Compactions  also are extremely slow (with just a few hundred of columns).


I've created a example script to test this. The result table of the output 
script has 750 live columns and 750 tombstones and only is flushed one memtable.
When I don't do deletions and I read the entire row, Cassandra gives normal 
times. In this case it would be best for performance manually mark columns as 
deleted and when row reaches a % of deletes copy "no deleted columns" in a new 
row and delete the old one( row deletion).
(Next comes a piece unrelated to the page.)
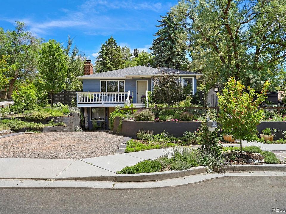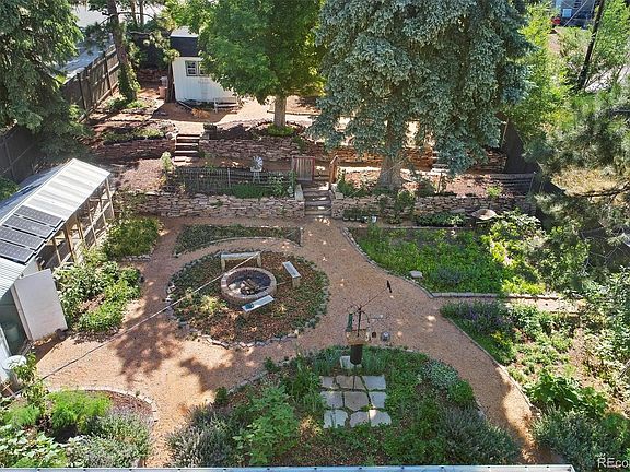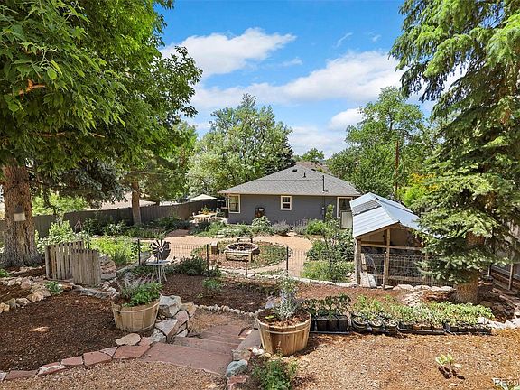 Exceptional restoration in the Craig and Goulds neighborhood of downtown Castle Rock. Extensive perennial landscaping surrounds this gorgeous hand crafted remodeled home offering 2 bedrooms, 1 bath and a walk-out finished basement. Step up to the welcoming covered front porch and inside to the living room with a cozy vented brick wood fireplace with gleaming white oak hardwood flooring flowing throughout the main level and a pocket French door leading to remodeled chef's kitchen. This kitchen is a delight with stainless steel appliances including a gas cooktop, gorgeous upgraded cabinetry and woodblock countertops, and upgraded fixtures are all included in this complete remodel. Dining room has abundant light from the many storm windows. New stairs lead down to additional living space in the family room in the finished walk-out basement with a newly resurfaced and stained concrete floor and built-in shelving. Stunning remodeled full bath offers slab granite over the custom built vanity, upgraded fixtures and tile flooring. Fantastic laundry room is large with a window and tons of storage space in the built-in shelving system and a small cubby storage room under the stairway. Workshop provides cabinets, work bench and shelves. Additional amenities include new: electrical in basement, lighting, plumbing, doors, baseboards and door casings. Truly magnificent outdoor spaces! English dream garden boasting complete new landscaping with stacked stone retaining walls and a water feature. Enjoy your beautiful outdoor living space with a fire pit, amazing established flower beds focused on returning perennials, veggie gardens, mature trees, fruit trees, new privacy fencing, paths and flagstone walk-ways. Spacious oasis offers large walk-in chicken coops with a secured run plus a utility shed. Convenient location! Short walk to dining, retail, park & trails. Close to shopping, open space, easy access to I-25 & in the Douglas County School Dist.

Even in models with a few columns deletions, after a while Cassandra would 
become  extremely slow, and compactions would be very painfull

Thanks in advance

    public void test() throws InterruptedException {
        session.execute("CREATE KEYSPACE ks WITH replication " + "="
                + "{'class':'SimpleStrategy', 'replication_factor':1};");
        session.execute("use ks;");
        //session.execute("drop table timelineTable;");
        session.execute("CREATE " + "TABLE ks.timelineTable ("
                + "key blob,"
                + "timeline timestamp,"
                + "value blob,"
                + "PRIMARY KEY (key, timeline)"
                + ") WITH CLUSTERING ORDER BY (timeline DESC) and 
gc_grace_seconds=0;");

        Long interval;
        Long time = new Date().getTime();
        int j = 0;
        while (j < 15) {
            int i = 0;
            interval = new Date().getTime();
            while (i < 100) {
                session.execute("insert into timelineTable (key,timeline,value) 
values (0x01,"
                        + time.toString() + ",0x0" + Integer.toHexString(j) + 
")");
                time++;
                i++;
            }
            System.out.println("Insert Interval:" + (new Date().getTime() - 
interval));

            interval = new Date().getTime();
            ResultSet results = session.execute("SELECT * FROM timelineTable"
                    + " WHERE key = 0x01 ORDER BY timeline DESC limit 100");
            System.out.println("Read Interval:" + (new Date().getTime() - 
interval));

            i = 0;
            interval = new Date().getTime();
            for (Row row : results) {
                if (i >= 50) {
                    session.execute("DELETE FROM timelineTable WHERE key = 0x01 
AND timeline="
                            + row.getDate("timeline").getTime());
                }
                i++;
            }
            System.out.println("Delete Interval:" + (new Date().getTime() - 
interval));
            j++;
            System.out.println("");
        }
    }

  was:
I don't know if this is a bug or a normal behaviour. After doing some 
insertions and deletions (new keyspace, new table) and make a flush of the 
table, Cassandra gives extremely slow reads (and finally timeouts).  
Compactions  also are extremely slow (with just a few hundred of columns).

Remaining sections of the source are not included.